November 14, 2008 at 1:42 pm
“Pansexual”…that makes me think of unicorns.
AYL: Seriously, between the vulgar and inappropriate oral sex offer and the “someone hand me a gun” comment, you are a little extra hot today.
November 14, 2008 at 1:43 pm
@AYL: I almost got a clerk at a grocery store fired when he muttered “What a waste,” as my ex and I left with our groceries.
And I totally lurrrrrrrrrve being told that I am confused, or don’t know what I want, or some prince thinks his magical peen will turn me into a beautiful straight princess once again!

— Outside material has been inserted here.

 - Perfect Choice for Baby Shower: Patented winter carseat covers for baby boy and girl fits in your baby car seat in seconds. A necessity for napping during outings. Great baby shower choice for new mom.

November 14, 2008 at 1:44 pm
AYL–Ugh. Like my grandmother who said that her stepdaughter was a lesbian because she wasn’t very attractive and, thus, hadn’t met the right man yet.

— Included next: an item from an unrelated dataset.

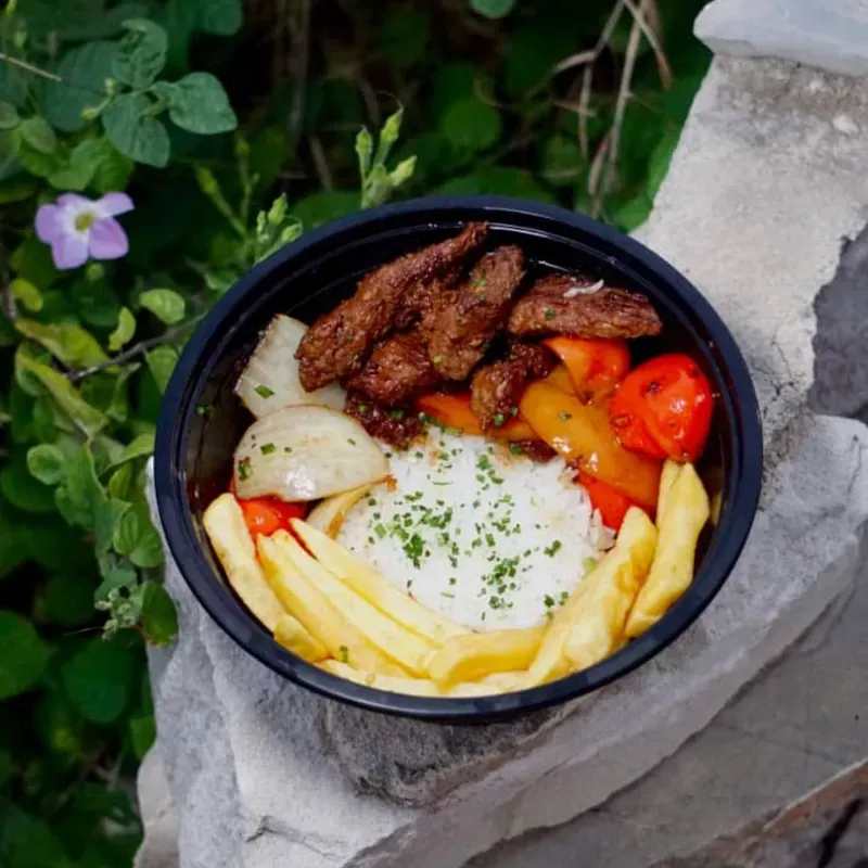Lomo salteado al wok con vegetales de estación, salsa de la casa a base de soja, vinagre, jugo de tomate y azúcar, acompañado de papas fritas y arroz blanco

I was like, uhhh, I know some hot-ass lesbians who could get any man they wanted. I don’t think that’s the problem.
Ideally, we would all be completely honest and accepting of each other. I feel like the gap has closed a little, but there’s definitely a long way to go.
November 14, 2008 at 1:46 pm
SBJ–EWWWWWWWWWWWW. The only time I say anything like that is when I see a smart, beautiful girl with a total douchebag, who is most likely someone like that guy.
I actually got that once, but it was because of my tattoo. Whaaaa?
November 14, 2008 at 1:47 pm
@truculentandunreliable: You’re exactly right, and that’s true regardless of SO, though people rarely abide such a common sense approach.
I think it’s just important to be totally honest from the beginning, but the problem bi women have with that is it inherently whittles down the pool of women to choose from. Which is unfortunate. It’s not pleasant by any means, but I can see an honest, well-meaning bi girl getting involved with a woman, agonizing over the fact that it’s a wonderful relationship but that she realizes she wants one with a man instead, and being honest about that. Is it unfair? Yes. Most break-ups are utterly devoid of “fairness.” It is, however, honest.
I guess I’m saying that honesty is truly the best that any of us can do, no matter who we love.
November 14, 2008 at 1:47 pm
@TAU: Ha! Jinx, kitten!
November 14, 2008 at 1:50 pm
@skinny: ahahahhhhhh. someone dick smack me straight, let me see the light! GAG.
November 14, 2008 at 1:54 pm
@skinny(31): truth. i, myself, don’t abide as common sensically (or some word that means that but sounds less drunk) as i’m preaching to. it’s hard, man!
like erasure says, “break these chains of love, don’t give, don’t give up.”
or i can totally go the mister mister route and take these broken wings and learn to fly again. take your pick.
@b: well, then, see you later…do i get extra points for an erasure reference?
November 14, 2008 at 1:59 pm
Erasure references always get extra points. Same goes for Yaz.
November 14, 2008 at 2:02 pm
SBJ–You owe me a Coke.
Yeah, that’s totally true, and the fact is that everybody is going to get their hearts broken no matter what their sexualities. The best that we can do as human beings is to make sure that we are as compassionate and truthful as possible.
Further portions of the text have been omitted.